• _What you should do_: Reproduce the opening lines of the listing below exactly, stopping after the line that contains "lanceleaf figwort Scrophularia lanceolata" and leaving out any pictures.

• _Records for this exercise_:
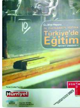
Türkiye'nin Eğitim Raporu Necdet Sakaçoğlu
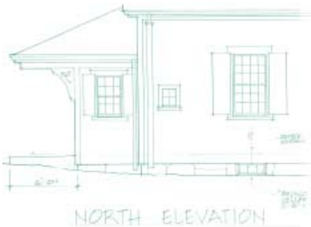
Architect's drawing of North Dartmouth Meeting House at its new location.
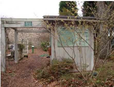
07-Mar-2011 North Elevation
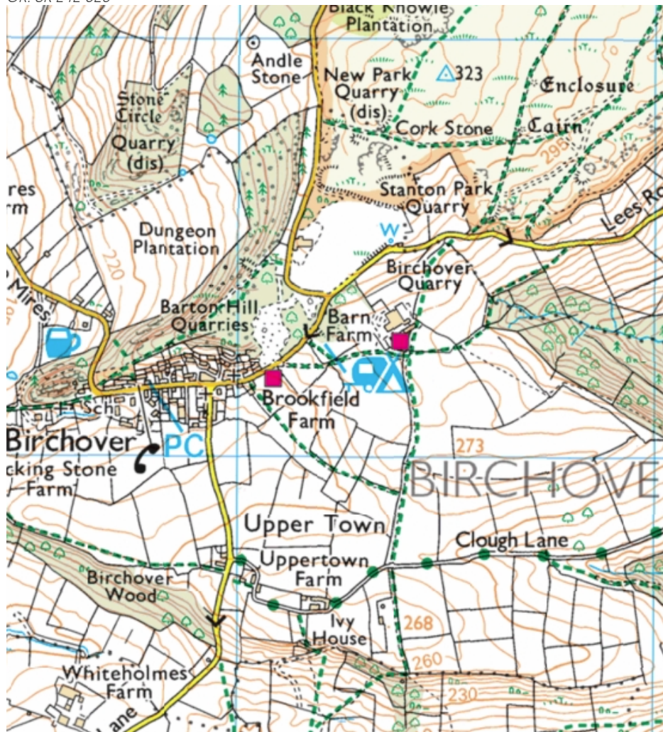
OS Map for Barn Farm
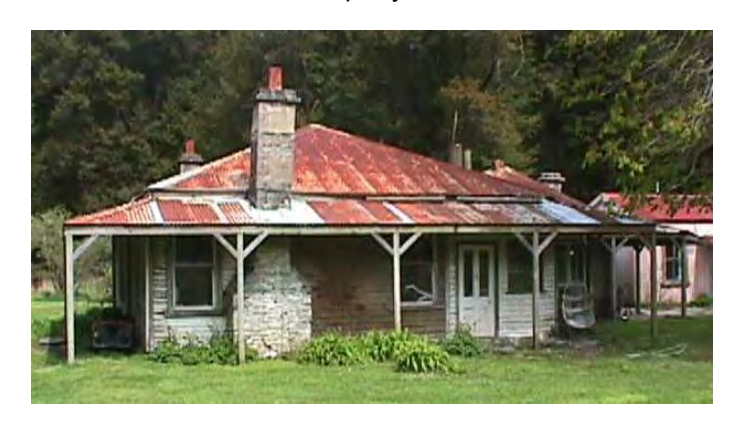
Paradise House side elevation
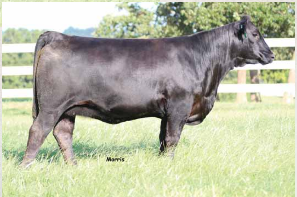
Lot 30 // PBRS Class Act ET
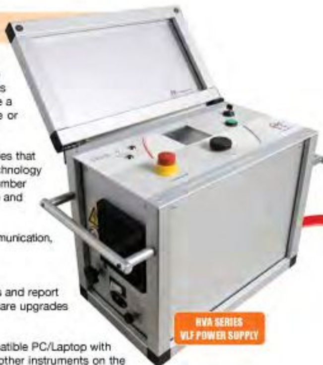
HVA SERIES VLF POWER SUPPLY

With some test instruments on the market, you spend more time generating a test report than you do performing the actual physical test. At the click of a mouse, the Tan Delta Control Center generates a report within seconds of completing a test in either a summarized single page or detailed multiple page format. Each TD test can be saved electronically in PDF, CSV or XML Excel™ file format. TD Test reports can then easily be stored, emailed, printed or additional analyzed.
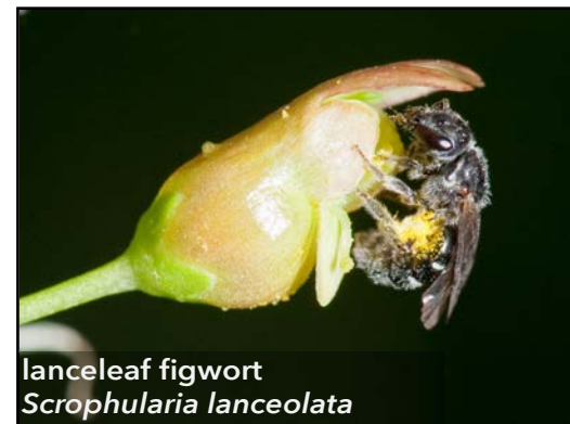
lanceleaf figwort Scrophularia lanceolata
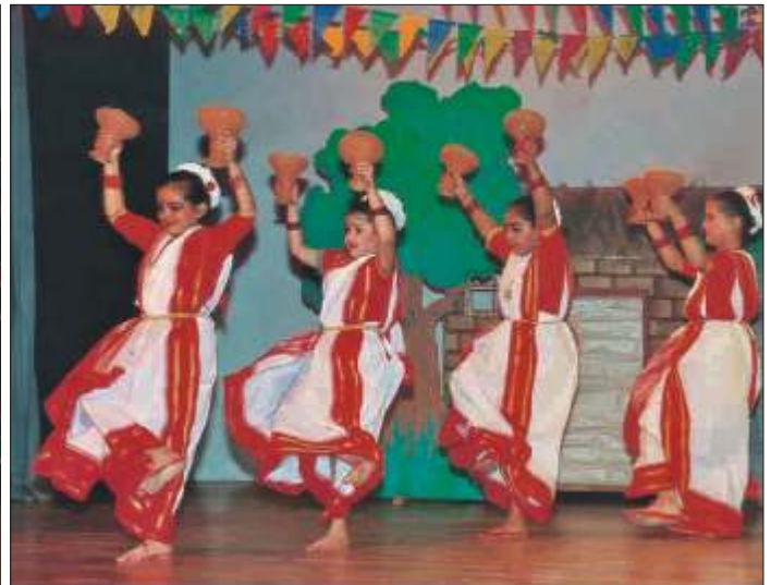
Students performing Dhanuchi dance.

• _Exercise output_:
Türkiye'nin Eğitim Raporu Necdet Sakaçoğlu
Architect's drawing of North Dartmouth Meeting House at its new location.
07-Mar-2011 North Elevation
OS Map for Barn Farm
Paradise House side elevation
Lot 30 // PBRS Class Act ET
HVA SERIES VLF POWER SUPPLY

With some test instruments on the market, you spend more time generating a test report than you do performing the actual physical test. At the click of a mouse, the Tan Delta Control Center generates a report within seconds of completing a test in either a summarized single page or detailed multiple page format. Each TD test can be saved electronically in PDF, CSV or XML Excel™ file format. TD Test reports can then easily be stored, emailed, printed or additional analyzed.
lanceleaf figwort Scrophularia lanceolata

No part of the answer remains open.